By Tina Beychok
The ankle structure, much like that of the wrist, is vital to certain movements of the human body. It is designed to move the foot from side to side or up and down for activities such as walking or running. It also serves as the attachment point between the bones of the foot and the bones of the lower leg.1
The ankles also have something else in common with the wrists; we tend not to notice them until they cause us pain. Whether it is a sudden injury (such as a sprained ankle) or an ongoing chronic condition (such as rheumatoid arthritis), very little will sideline an active patient more quickly than ankle pain. Fortunately, ankle pain can not only be reduced through instrument adjusting, but recurrences may even be reduced or eliminated altogether.
The ankle consists of three main bones: The lower tibia, or shin bone; the lower fibula (the thinner lower leg bone); and the talus, which sits above the heel bone. In to addition the bones, a number of joints and ligaments attach the foot to the ankle itself. The actual ankle joint allows the foot to move up and down, while the subtalular joint lets the ankle move from side to side.1
Common ankle injuries
Sprain: The most common ankle injury is a sprain, which happens when the ankle ligaments become stretched or torn. Most ankle sprains occur when the foot is turned inward. If the ligament that joins the tibia and fibula becomes injured, this is known as a high ankle sprain, and may take longer to heal than a standard sprain. The standard treatment is RICE: Rest, Ice, Compression, and Elevation.1,2
Ankle fracture: Although any one of the three ankle bones can fracture, this injury is most commonly seen in either the tibia or the fibula.

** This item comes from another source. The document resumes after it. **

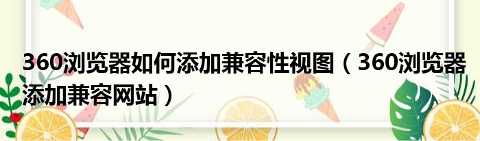 360浏览器如何添加兼容性视图(360浏览器添加兼容网站)

If the ankle is at an odd angle and cannot bear weight, patients should seek immediate medical care.1,2
Arthritis: Rheumatoid arthritis is the most common type to affect the ankles. However, patients may also suffer from osteoarthritis, psoriatic arthritis (as a result of the autoimmune skin condition psoriasis), gout, or septic arthritis due to a bacterial infection. The ankle will be red, swollen, and very tender to the touch. Patients should seek care if the condition does not resolve within two to three days or if they are running a fever.1,2
An article published in the January 2001 issue of the Journal of Manipulative and Physiological Therapeutics divided a group of 30 patients with ankle inversion sprains into two treatment groups. One group received ultrasound treatment, while the other received ankle mortise separation adjustments. At the end of four weeks, the adjustment group showed significant improvement over the ultrasound group in terms of pain reduction, ankle function, and ankle range of motion. The researchers concluded that the chiropractic adjustment was superior to ultrasound for treating ankle sprains.3
There is no reason for ankle problems to stop patients in their tracks. Proper chiropractic adjustments, along with home care and rehab exercises, will get them back on their feet (and ankles) in no time at all.

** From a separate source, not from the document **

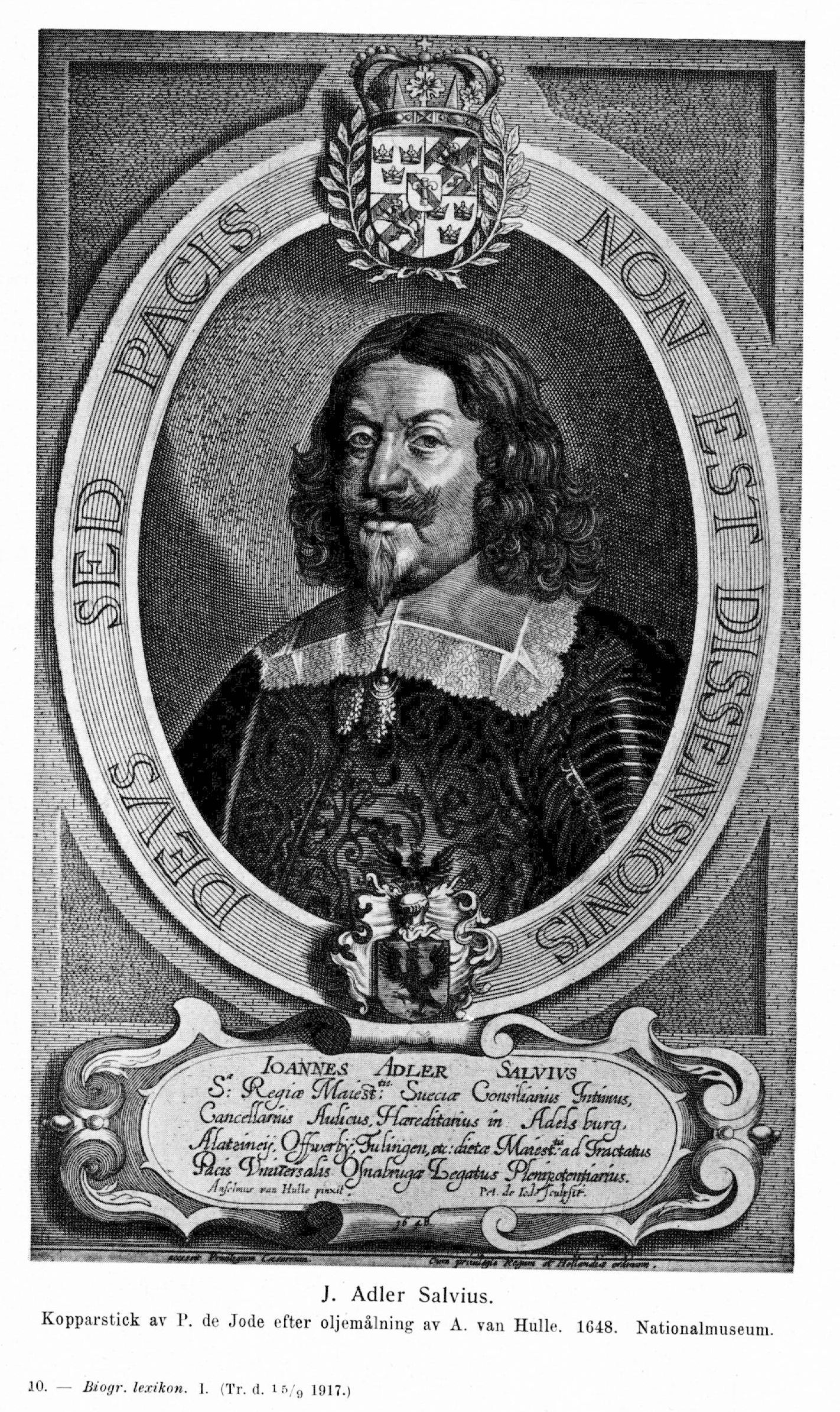 Adler Salvius, Johan, före adlandet Salvius, f. 1590, d 24 aug. 1652. Föräldrar: stadsskrivaren i Strängnäs Peder Hansson, av ångermanländsk allmogesläkt, och hans hustru, enligt personalierna Anna Pedersdotter. Genomgick läroverket i Strängnäs; student i Uppsala 28 mars 1609; medföljde 1612 Magnus von Wernstedt, en son till landshövdingen Kristoffer von Wernstedt, på en utrikes resa, varunder S. och hans lärjunge åtnjöto underhåll av kronärt (K. brev 19 maj 1612); studerade vältalighet för Johannes Simonius i Rostock 1612—13; begav sig till Helmstedt 1613; fil. magister där 7 juli 1614; studerade i Strassburg sommaren 1615; inskrevs vid Marburgs universitet 14 nov. 1615 och idkade där medicinska studier för Johannes Hartmann och Henricus Petraeus; försvarade 1616 som respondens första delen av Petrseus' avhandling »Nosologia harmonica, dogmatica et hermetica»; besökte Sverige; reste ånyo utrikes som preceptor för sin blivande styvson Johan Hartman; begav sig ensam till Montpellier för att fortsätta de medicinska studierna; överflyttade sommaren 1619 till Valence, där han övergick till juridiska studier under Julius Pacius; disp. där s. å.; jur. utr. doktor 5 dec. s. å. ;Uppfördes efter hemkomsten påförslag till assessor i Svea hovrätt 6 sept. 1620 men fick ej platsen; avfärdad till det nyanlagda Göteborg med vidsträckta uppdrag 23 maj 1621; assessor i Svea hovrätt 27 juni 1621; avsänd i diplomatiska uppdrag, till Kursachsen 1622 (instruktion 9 apr.; avlade rapport i rådet 15 juni), till Danmark 1623 (instruktioner 15 juni, 12 aug.) samt till Nordtyskland 1624 (instruktion 8 jan.); erhöll avsked ur hovrätten 27 juli 1624; statssekreterare s. å.; ånyo avfärdad till Tyskland 1625 (instruktion 8 febr.); åtföljde konungen till Lifland s. å. samt till Preussen 1626, 1627 och 1628 (diarium 29 apr.—30 okt., tryckt, i Loenbom, Hist. archivum III st.); tillika häradshövding i Sunnerbo härad 27 apr. 1627 samt, obekant när, i Marks härad; adlad 26 jan. 1629; avfärdad till Kristian IV och, jämte kommissarier av högre rang, till fredskongressen i Lybeck s. å. (instruktioner 26 jan. och 23 febr.); en av de kommissarier, som underhandlade med franska sändebudet Charnacé 1629—30; medföljde konungen till Tyskland 1630; avfärdad till Kristian IV och ett flertal tyska furstar och städer i nordvästra Tyskland (instruktion 30 juni); begav sig till huvudarmén aug. 1631; ordinarie resident i Hamburg 17 sept. 1631; återvände till Sverige sommaren 1634; hovkansler och sekret råd 28 juni s. å.; avfärdad till hertigen av Holstein-Gottorp för att underhandla om den föreslagna persiska handeln, till ett flertal tyska furstar och städer samt till Axel Oxenstierna 1635 (memorial 30 apr.; kreditiv 15 maj; relation i rådet 15 och 17 aug.); ånyo avfärdad till Tyskland 1636, där han residerade i Hamburg (instruktion 28 apr. och memorial av Oxenstierna 22 och 29 juni 1636 samt nya föreskrifter 23 mars och 14 sept. 1637); jämte Johan Oxenstierna Sveriges ombud vid westfaliska fredskongressen 1641 (instruktion 5 okt.); riksråd 27 mars 1648 (bibehöll tillika hovkanslersämbetet till 1651); återkom från Tyskland 1650; friherre 12 mars 1651; kommissarie till fredstraktaten med Polen i Lybeck 1651 (fullmakt 28 maj 1651, instruktioner s. d. och 30 juli 1652); erhöll jämväl i uppdrag att underhandla om förbund med Frankrike 1651 (instruktion och fullmakt 10 juli).

1WebMD LLC. Human anatomy: Ankle. WebMD.com. http://www.webmd.com/fitness-exercise/picture-of-the-ankle. Published 2012. Accessed 2014.
2Heller J. Ankle sprain — aftercare. National Institutes of Health. http://www.nlm.nih.gov/medlineplus/ency/patientinstructions/000574.htm. Updated 2012. Accessed 2014.
3Brantingham JW, Pellow JE. The efficacy of adjusting the ankle in the treatment of subacute and chronic grade I and grade II ankle inversion sprains. J Manipulative Physiol Ther. 2001:24(1);17-24.